I tried to pay again, but Francis wouldn’t let me. “Take it, drink it; it is a gift from me. When I see that you really enjoy the wine I give you, then I will make you pay for it.” He handed me the bottle and added, “Once you learn to love my wine, you will pay the full market price.”
TWO
I wasn’t good with people. How could I have been?
My foster-parents had adopted me because Mary could not have children of her own. That was what she told me, although I have since wondered whether my foster-father had been too busy reading about the politics of Germany and the Hapsburg Empire in the mid-nineteenth century to find time to take her to bed. Mary often told me what a beautiful baby I had been. She used to speak wistfully about how enchanting I had been, looking past me as she recalled the first time she saw me, the one moment in the entire process of my adoption she seemed able to recall with pleasure.

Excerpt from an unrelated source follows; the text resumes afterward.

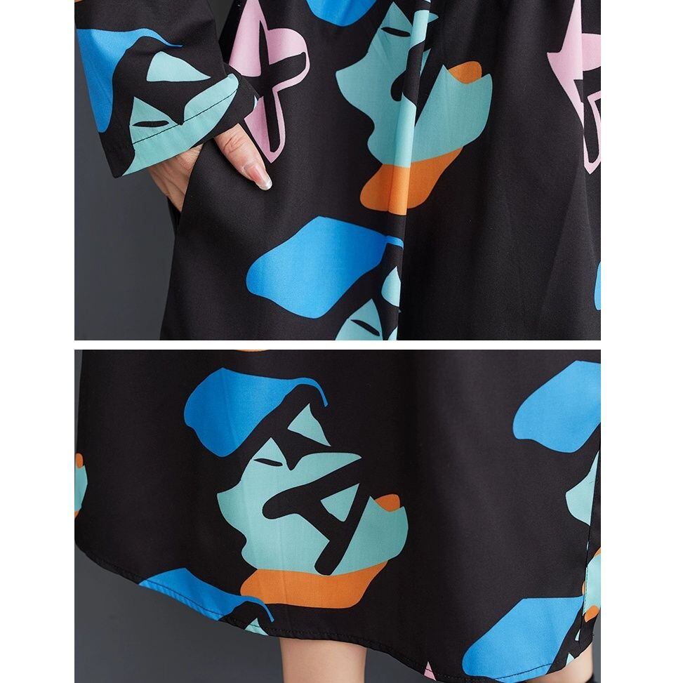 レトロでカラフルな柄生地にブラックのスティッチデザインが目を惹く、ポロ襟・長袖・ミドル丈のシャツワンピースです。ふんわりとしたAラインのシルエットがキュートな、1枚でオシャレが完成するアイテムです。

She treated me well, though. I cannot remember ever having been beaten, or even any really hard words. It was simply that she found, quite soon after taking me in, that she did not really love me: indeed she did not seem even to like me.
My foster-father was quite straightforward in his attitude towards me. I had been brought into the house as an indulgence for Mary. After that, it was best if I kept out of his way. That was easy enough. He spent most of his time when he was not at the university locked up in a small room he called sometimes his ‘library’ and at other times his ‘office’.
We led a quiet life together. My foster-father’s social life was limited to the Senior Common Room at the university, or wherever else political-history lecturers gather together to graze in the fields of learning. People rarely came to our house for any form of entertainment and, when they did, it did not tempt them to stay long.
I grew up a solitary child. I did not have much opportunity to meet other children outside school, but perhaps that was just as well: I found it difficult enough to talk to them in school. I kept my thoughts to myself. I was a very neat and tidy child. No one could ever complain about that. Sometimes I looked up to the sky and saw stars, even in the daylight. No one else ever seemed to see the stars that I saw, so I did not mention them to anyone else. I think I was about sixteen when I discovered I had an aptitude for numbers. I was not particularly good at any subject until, suddenly, I began to excel at mathematics. My foster-father thought this was a waste of time.
“What is the use of knowing how to add up,” he asked me, “unless you are planning on working as a shop assistant. Are you planning on working as a shop assistant, Frankie?”
“Not particularly,” I mumbled.
“I hope you are planning on doing something,” he said. “Bringing you up has been a considerable financial burden. I wish you could appreciate the sacrifices we have made. I hope you do not expect this largesse to last for ever.”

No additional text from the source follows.